Indeed, if we use the fitted curves to extrapolate the results into longer exposure times with more simulated data, we see pretty quickly that the linear model breaks.

```
time = rep(10:90, 10)
p = 1/(1 + exp(-(a + b*time)))
d2 = data_frame(time=time, dead = rbinom(length(p), n, p), dead_p = dead/n)
d2$pred1 = predict(m1, newdata=d2)
d2$pred2 = predict(m2, newdata=d2, type='response')
ggplot(d2, aes(x=time, y=dead_p)) +
geom_point(data=d2, col = 'pink') +
geom_line(aes(y=pred1), col='red') +
geom_line(aes(y=pred2), col='blue') +
geom_point(data=d, col='red') +
mydarktheme
```

But perhaps a more subtle reason is that the different liklihood functions associated with each model provide a different interpretation of the response variance and the fitted coefficients. The linear model assumes the response is continuous, while the binomial model only assumes that the dependence of p on time is continuous. The coefficients in the binomial model relate to the likelihood p/(1-p).

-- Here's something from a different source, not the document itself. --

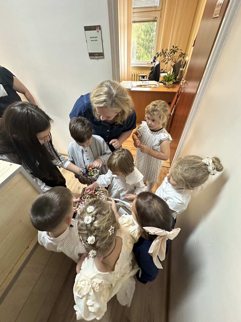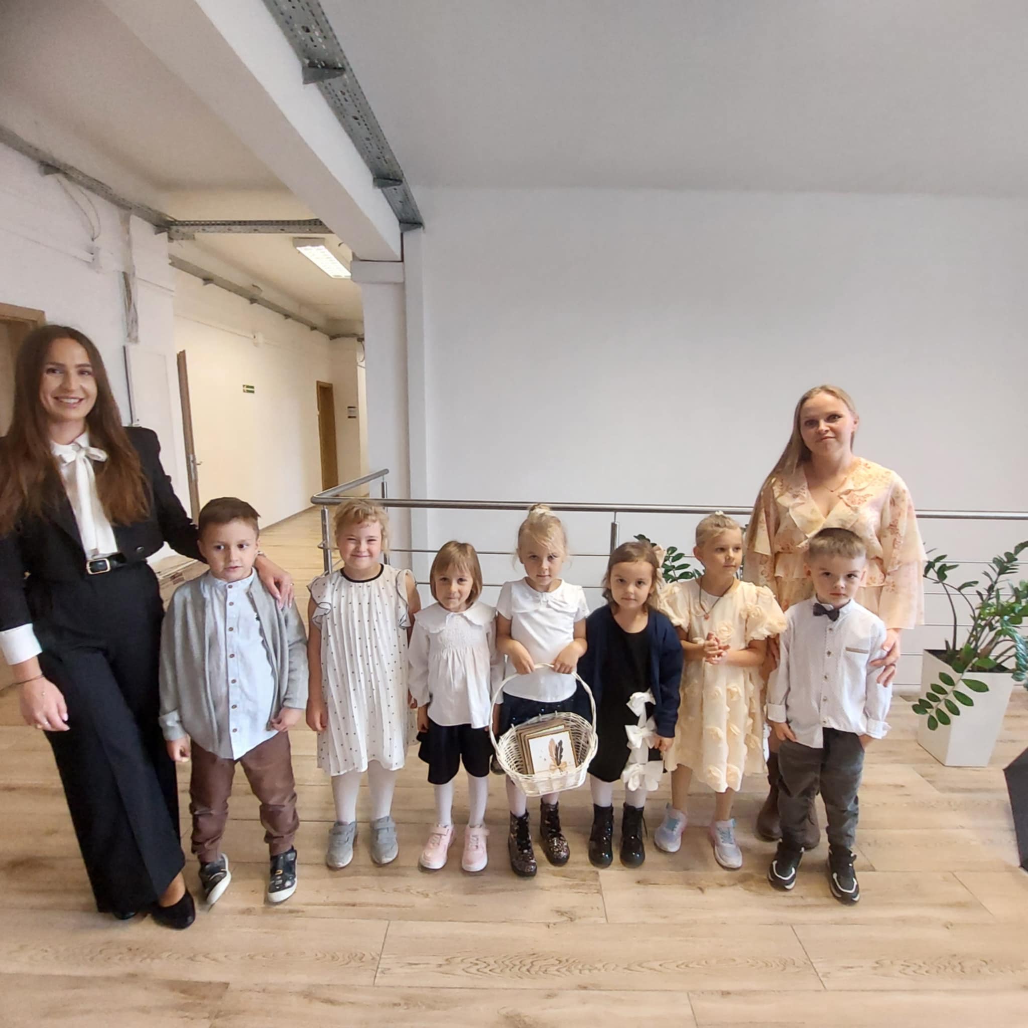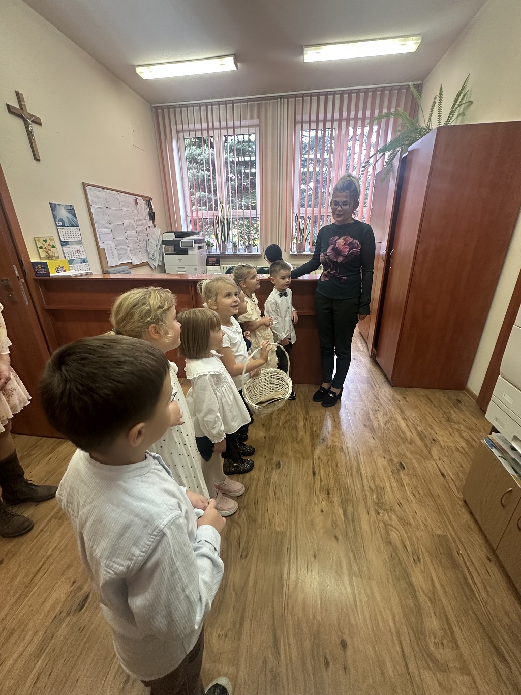 Dnia 10 października przedstawiciele dzieci z grupy „Stokrotki” z Przedszkola Samorządowego w Gorzkowicach wybrały się z wizytą do Urzędu Gminy, Administracji Placówek Oświatowych oraz Szkoły Podstawowej w Gorzkowicach. Celem wyjścia było złożenie życzeń z okazji Święta Edukacji Narodowej. Przedszkolaki przekazały na ręce Pani Sekretarz Gminy – Iwony Kadir oraz Pani Dyrektor Szkoły Podstawowej – Magdaleny Treścińskiej-Niemczyk okolicznościowe kartki z życzeniami i wyrazami wdzięczności za trud wkładany w codzienną pracę na rzecz dzieci i edukacji. Podczas spotkania mali przedstawiciele przedszkola zaprezentowali krótki wierszyk, który wzbudził uśmiech wśród dorosłych. Dzieci zostały bardzo ciepło przyjęte, a wizyty przebiegły w serdecznej i radosnej atmosferze. Przedszkolaki z dumą reprezentowały swoją grupę i przedszkole, a całe wydarzenie stało się dla nich miłym i pouczającym doświadczeniem.
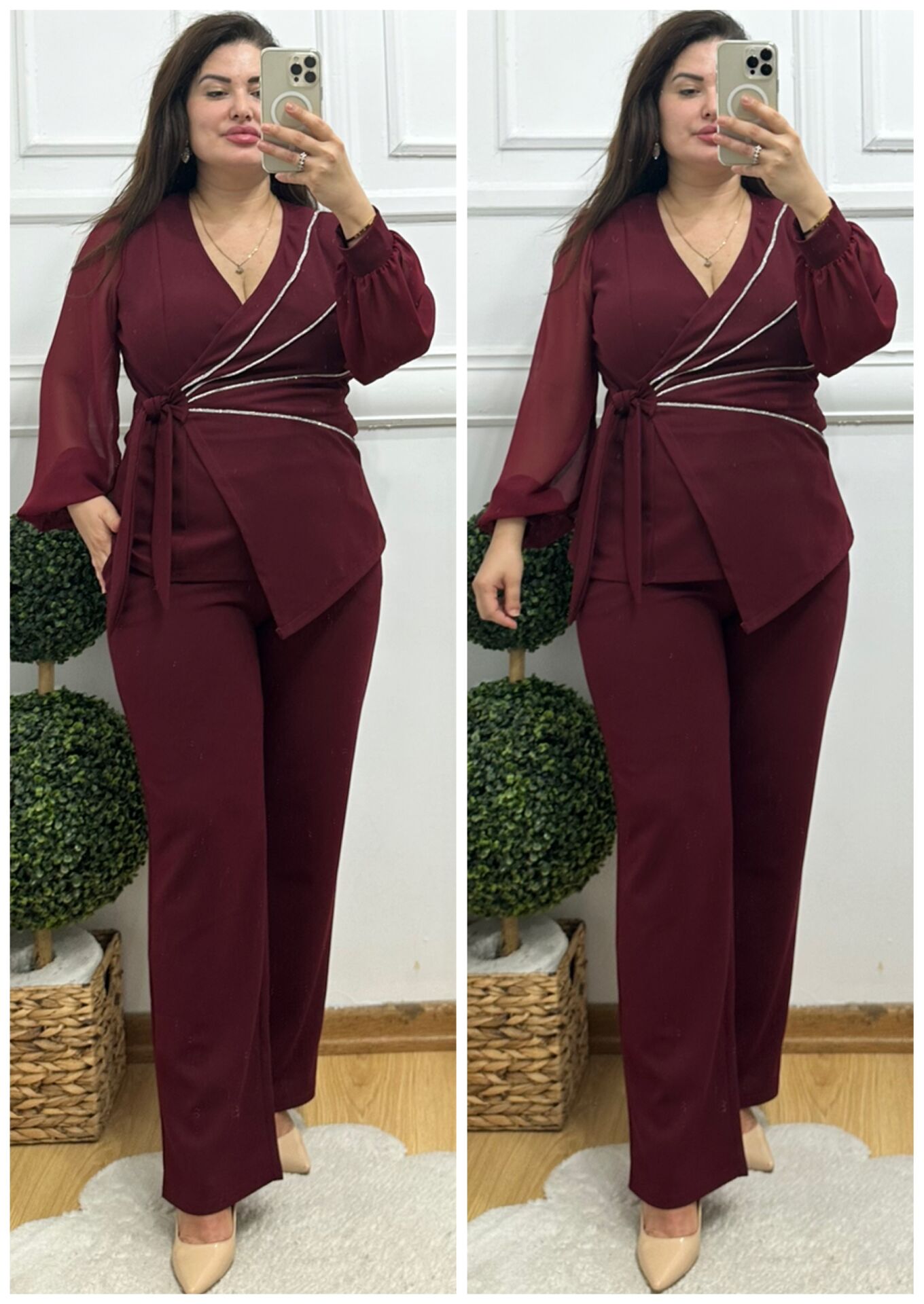 TR132-Bordo sıvama taş çapraz detaylı uzun kol ikili takım

Interestingly, in spite of a warning, we get nearly the same inference if we fit the glm using the proportion data, but the estimated error is out by a factor of 10. This is a nice clue (think: se = sd/sqrt(n))! To correct this, we can add a weighting term which corresponds to the size of the trial.

```
m2_p =
glm(dead_p ~ time, family = binomial('logit'), data=d)
m2_p_weighted =
glm(dead_p ~ time, family = binomial('logit'), data=d, weights=d$n)
broom::tidy(m2)
```

```
## # A tibble: 2 x 5
## term estimate std.error statistic p.value
## <chr> <dbl> <dbl> <dbl> <dbl>
## 1 (Intercept) -0.948 0.0402 -23.6 4.67e-123
## 2 time 0.0908 0.00732 12.4 2.43e- 35
```

`broom::tidy(m2_p)`

```
## # A tibble: 2 x 5
## term estimate std.error statistic p.value
## <chr> <dbl> <dbl> <dbl> <dbl>
## 1 (Intercept) -0.948 0.402 -2.36 0.0183
## 2 time 0.0908 0.0732 1.24 0.215
```

`broom::tidy(m2_p_weighted)`

```
## # A tibble: 2 x 5
## term estimate std.error statistic p.value
## <chr> <dbl> <dbl> <dbl> <dbl>
## 1 (Intercept) -0.948 0.0402 -23.6 4.67e-123
## 2 time 0.0908 0.00732 12.4 2.43e- 35
```

The cause of the discrepency is that there is no information on the number of trials in a simple proportion. For exaple, if I observed 497 heads in 1000 flips, or 1 head in two, both would yield p = 0.5, but I would be more certain of a coin’s fairness in the former scenario. This is also another reason to not model proportions if possible, i.e. you are throwing away hard earned data!